Radon: Who Can Test For It?

Or, simply put, don’t you really want to know if you can test it yourself?

In the Kansas City area, most radon professionals charge about $125 to conduct a 48 hour radon test. Test kits can be obtained from multiple places for much, much less. So why hire a professional?

First, lets look at the reasons to test for radon. The EPA states that radon is the second leading cause of lung cancer in the United States. The EPA and the U.S. Surgeon General estimate that approximately 22,000 people die a year in this country from lung cancer caused by radon inhalation. Simple arithmatic would indicate that if there are about 2 million people in the greater Kansas City area, and approximately 300 million in the US, then there are about 146 people dying in this area each year from lung cancer caused by radon. 
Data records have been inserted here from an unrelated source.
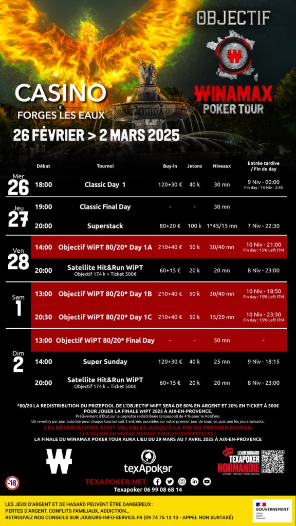 Forges-les-Eaux est un lieu de rendez-vous pour les amateurs de tournoi de poker. En plus du cash game, le casino propose des tournois tels que l’Objectif WiPT by TexaPoker à 250€, avec un stack de départ de 50k jetons et des niveaux de 30 à 40 minutes. 20% du prizepool de cet événement est converti en tickets 500€ pour la grande finale du WiPT à Aix-en-Provence. De nombreux autres tournois annexes comme le Classic 150, le Superstack 100 et les satellites Hit & Run sont aussi programmés. Rendez-vous du 26 février au 2 mars !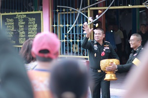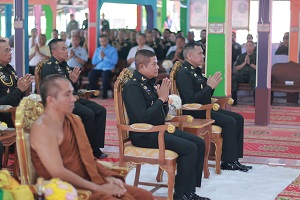 On this occasion, Major General Phaisan Nu Sang, Commander of the 4th Army Area / Director of Internal Security Operations in the 4th Region, donated a robe and Thai religious offerings to Phra Kru Phatthan Thammabhorn, the abbot of Wat Khao Lek, with a total contribution of over 682,200 Baht.
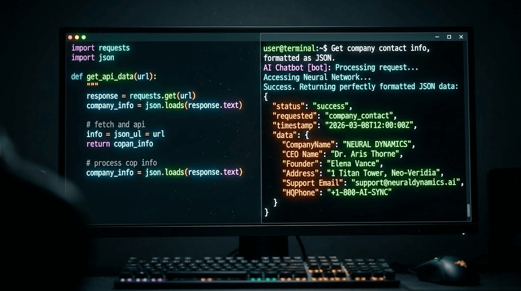 • Data Structuring: An AI agent can instantly convert messy, unstructured paragraph data into perfectly formatted JSON arrays, ready for your CRM or database.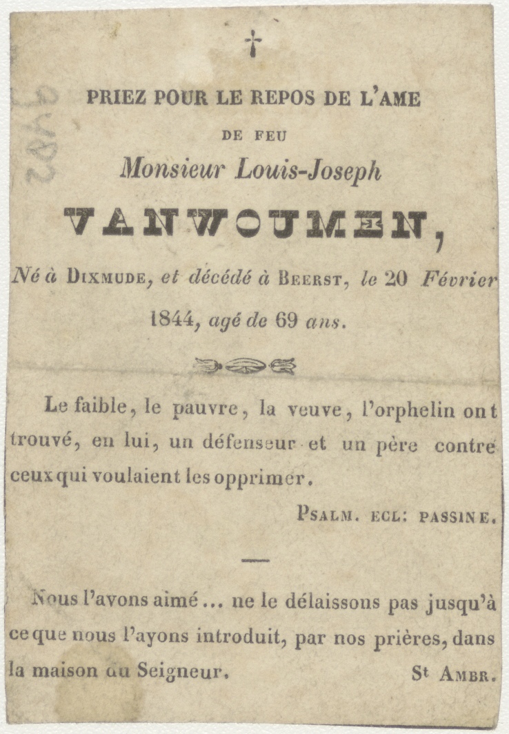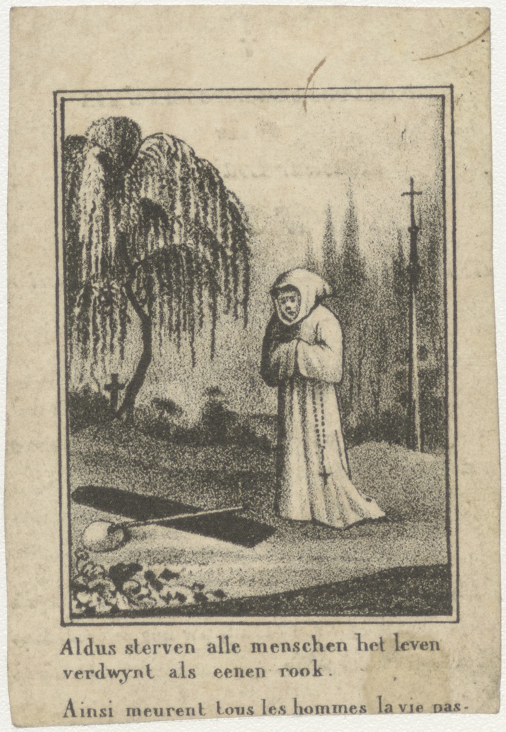 Aldus sterven alle menschen het leven verdwijnt als eenen rok, grafscène, kz. Bid voor ziel Louis-Joseph Vanwoumen (+1844) Beerst (Frans)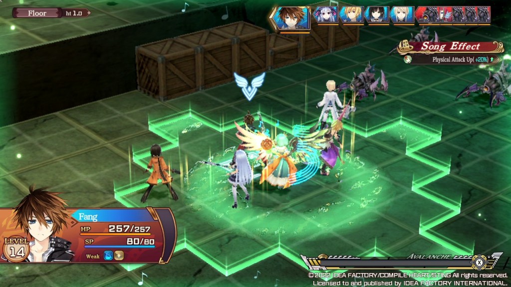 - Avalanche – this is a very special attack that can be used when the Avalanche meter has been filled up by units making actions. When the meter is full, unleash a massive attack that will damage all enemies within ranched, with an enhanced version called a Harmonic Avalanche if activated with the Fairy Aria.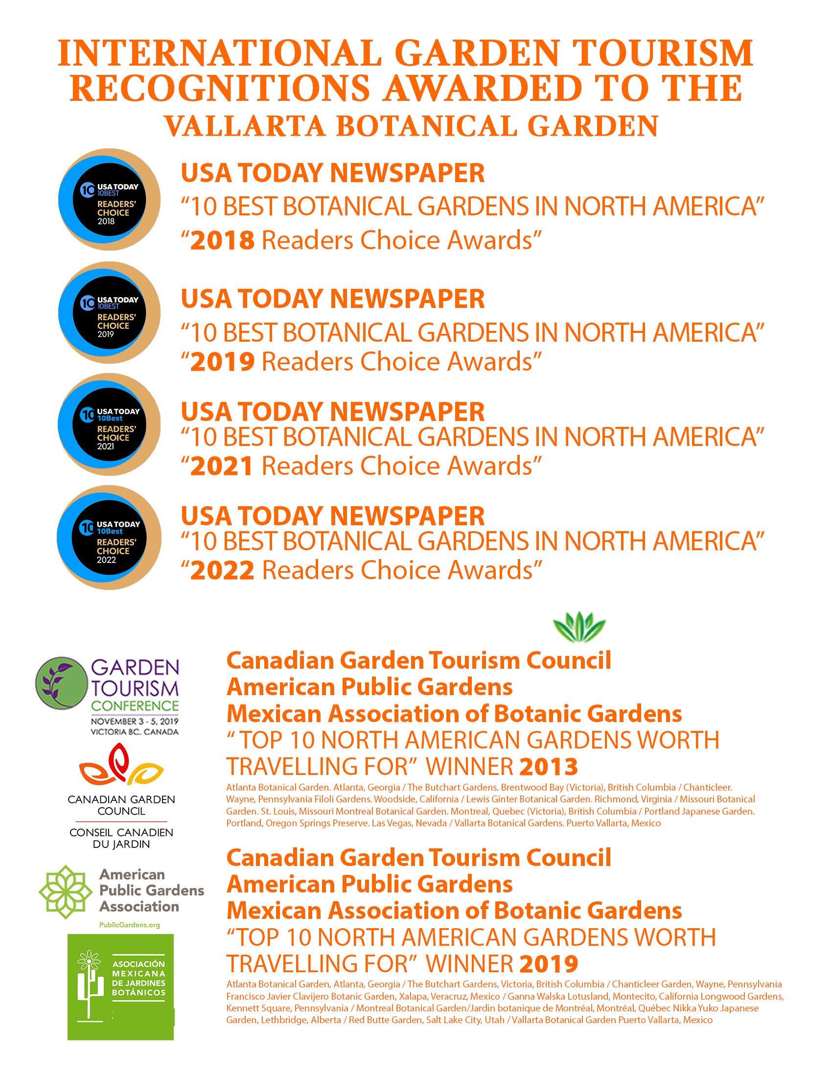 El Jardín Botánico de Vallarta figura entre los más famosos e importantes jardines públicos de Norteamérica, y es el primer jardín fuera de EE.UU. que gana este premio.

The national average says that 6% of all homes have elevated radon levels (Greater Than 4.0 pCi/l). However, in the Kansas City area, our experience tells us that approximately 40% of all homes have elevated radon. This would lead to the conclusion that many more people are at risk of lung cancer caused by radon in the Kansas City than the numbers indicated by the simple math above.

Until 1998, the EPA kept lists of people that were “Qualified” to test for radon in residential housing. They stopped this program, presumably due to budget cuts, and encouraged private programs to “qualify” radon professionals. The two programs that the EPA recognized for radon proficiency programs were the National Environmental Health Association (NEHA) and the National Radon Safety Board (NRSB).

In order for a professional to be recognized as “qualified” by either of these programs, the individuals have to have completed a radon proficiency training program and passed a recognized examination to prove their knowledge. “Qualified” individuals have proven their knowledge of Radon, including what it is, how it is harmful, how it enters a home, and how to properly test for it. They have proven their knowledge of the EPA Protocols for Radon testing devices and Protocols for conducting a radon meaurement. Measurement procedures can vary house by house, so knowing how to test for it properly can affect the results and thereby affect your knowledge of whether or not individuals in a house are at risk of radon exposure.

I’m of the belief that if I’m at risk of contracting lung cancer, I want to know it, and I want to be certain. I’m not qualified to diagnose myself of having lung cancer so I’d seek out a professional if I was concerned about it. By the same token, you should also do the same if you’re testing for radon.

Check out www.radongas.org for a list of qualified NEHA radon measurement providers. Or do it yourself if you really think its worth it.

But whatever you decide, DON’T waste your money by hiring someone to do the test that is not qualified – you might as well go buy lottery tickets.


2 responses to “Radon: Who Can Test For It?

  1. What do you know about the mail-in kits that you can buy at Lowes? Any thoughts?

  2. Those kits are fine if they’re used properly. They shouldn’t be used in a real estate transaction, as you’ll have trouble getting the results within the inspection period on the contract. The other problem with those kits is that you won’t know if it was tampered with. Someone can set it outside, in a plastic bag, or seal it in some way as to affect the results, thereby invalidating the test.

    But if the kit is for your own home, and you follow the instructions, it should give valid results.